**Task brief:**
Would you retype the whole listing verbatim, keeping pictures out of it?

**Data:**
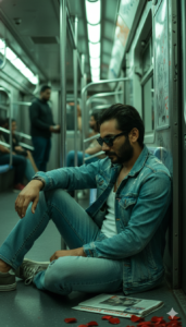 Create a cinematic, moody portrait of a young man standing inside a subway train carriage, captured in a quiet, introspective moment. He leans casually against the interior wall near a subway route map, head slightly bowed, eyes hidden behind dark sunglasses. He has tousled dark hair, light stubble, and wears a worn blue denim jacket layered over a white tank top, giving him a raw, effortless, street-level style. A thin necklace and subtle chest hair add realism and intimacy to the portrait. His posture feels solitary and inward-looking, as if disconnected from the movement around him. The subway interior is gritty and lived-in: metal poles, scratched walls, fluorescent overhead lights, and motion-blurred passengers in the background. A folded newspaper lies abandoned on the floor, along with scattered rose petals, adding quiet symbolism and emotional contrast to the industrial setting. Lighting is cinematic and low-key, with cool teal and green tones from the train lights mixed with warmer highlights on the subject’s face and hands. The background falls into soft motion blur, emphasizing isolation amid urban movement. Slight film grain enhances the realism and indie-film atmosphere. Use aspect ratio 4:5. use myuploaded photo for reference.
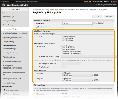 Vælgeren definerer betingelserne for IP-pakker for at anvende IPSec-kommunikation. De indstillinger, der kan vælges, omfatter maskinens IP-adresser og portnumre og de enheder, der skal kommunikeres med.
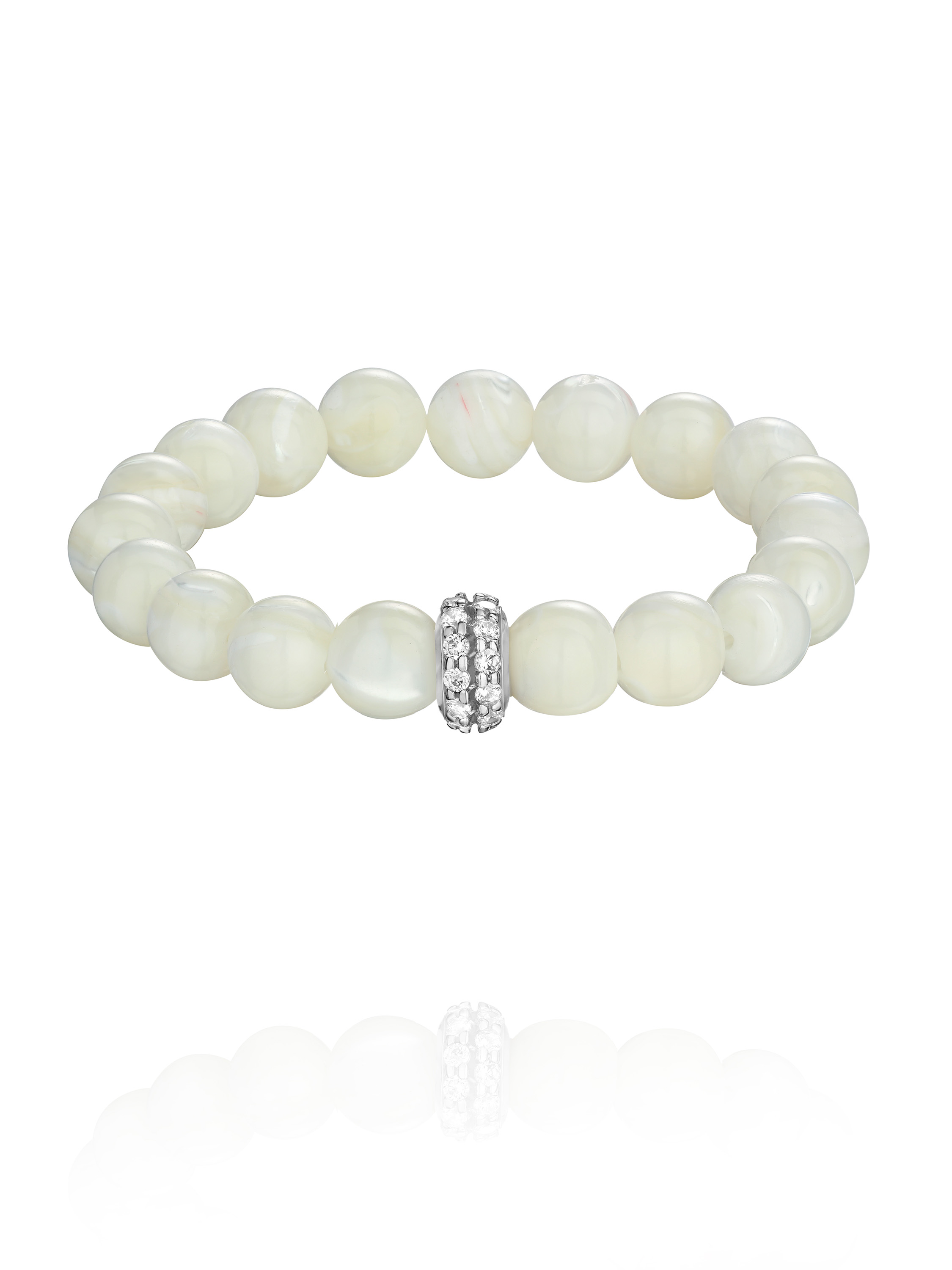 Silver bracelet with mother-of-pearl beads and cubic zirconia

**Problem solution:**
 Create a cinematic, moody portrait of a young man standing inside a subway train carriage, captured in a quiet, introspective moment. He leans casually against the interior wall near a subway route map, head slightly bowed, eyes hidden behind dark sunglasses. He has tousled dark hair, light stubble, and wears a worn blue denim jacket layered over a white tank top, giving him a raw, effortless, street-level style. A thin necklace and subtle chest hair add realism and intimacy to the portrait. His posture feels solitary and inward-looking, as if disconnected from the movement around him. The subway interior is gritty and lived-in: metal poles, scratched walls, fluorescent overhead lights, and motion-blurred passengers in the background. A folded newspaper lies abandoned on the floor, along with scattered rose petals, adding quiet symbolism and emotional contrast to the industrial setting. Lighting is cinematic and low-key, with cool teal and green tones from the train lights mixed with warmer highlights on the subject’s face and hands. The background falls into soft motion blur, emphasizing isolation amid urban movement. Slight film grain enhances the realism and indie-film atmosphere. Use aspect ratio 4:5. use myuploaded photo for reference.
 Vælgeren definerer betingelserne for IP-pakker for at anvende IPSec-kommunikation. De indstillinger, der kan vælges, omfatter maskinens IP-adresser og portnumre og de enheder, der skal kommunikeres med.
 Silver bracelet with mother-of-pearl beads and cubic zirconia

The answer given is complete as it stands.